14 Ağustos 2008 Perşembe

Başlangıç

İnsan blog hesabı almadan yazı yazarsa bu normal olur mu, olur.
Mantıklı bir açıklama getirmek istiyorsak (her şeyin başı istemek tabi) bu da mümkün.

Neden, bende sanat ve alt dalları hakkında yazmak için zorlamıyorum kendimi, diye sorduğumdan beri çok uzun zaman geçti. Zor, yazmak zor bu bir, yazdığının değerli görmek fazladan zor, başlamak ya da karar vermekse en zoru oldu benim için.

Sonra işi zevkli hale getirir ve birlikten güç doğar mantığıyla işin içine mr.knownothing’i de katmak beynime dan! diye inince, zoru paylaşır besleniriz çift kafadan diyip, biraz rahatlattım kendimi.

Samimi olmak gerekirse eksik bilgi içeren abidik gubidik yazılar yazabilme rahatlığı görmüyorum kendimde.
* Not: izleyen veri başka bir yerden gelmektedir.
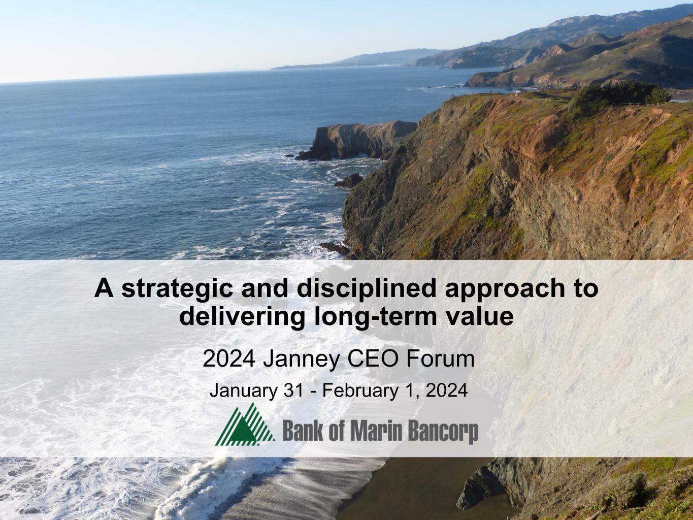 3 Bank of Marin Bancorp Recent awards: FIVE STAR BANK BAUER Headquarters Novato, California Marin County, North of San Francisco Employees, full-time equivalent 329 Assets $3.8 billion Market Capitalization $355.8 million Ticker BMRC (Nasdaq Capital Markets) Founded 1989 First branch opened in 1990 Piper Sandler Sm-All Stars: Class of 2020 SINCE 2003 Data as of December 31, 2023 AAAAAAAAAA AAA 3 Nasdaq: BMRC

Profesyonellik hiç yok, işte böle bir çelişki…İnsan yanlış bilgi vermekten korkar mı? Ben çok korkuyorum sayın okuyucu ama fark etmeden kaybedersem kendimi bilmediğim konularda atıp tutarsam, sen de boş bilgi diyip geçiver de benim vicdanım rahat olsun.

Buraya kadar yazdıklarımdan sanma ki fularlı sanat eleştirmenleri gibi yazılar yazacağım ya da kendimi aşabileceğim. Cık yapamam, zorla bile olmaz. Hem gerginlik hiç sevmediğim bir şey hem de ne gerek var ki…

Ne hakkında yazarız?

Sanat ıvır zıvır. Resim, heykel vs. (plastik sanatlar, bu isimde hep kuşkuyla baktığım bir ikili) tabi güzel sanatların tasarım kaynaklı alanlarından da sıçrar. Sinema, kitaplar, müzik gibi gider herhalde sınırda çizmek hoş değil sanki. Mr.knownothing ile sohbetlerimizden ne çıkarsa, ne heyecanlı gelirse diyebilirim şimdilik.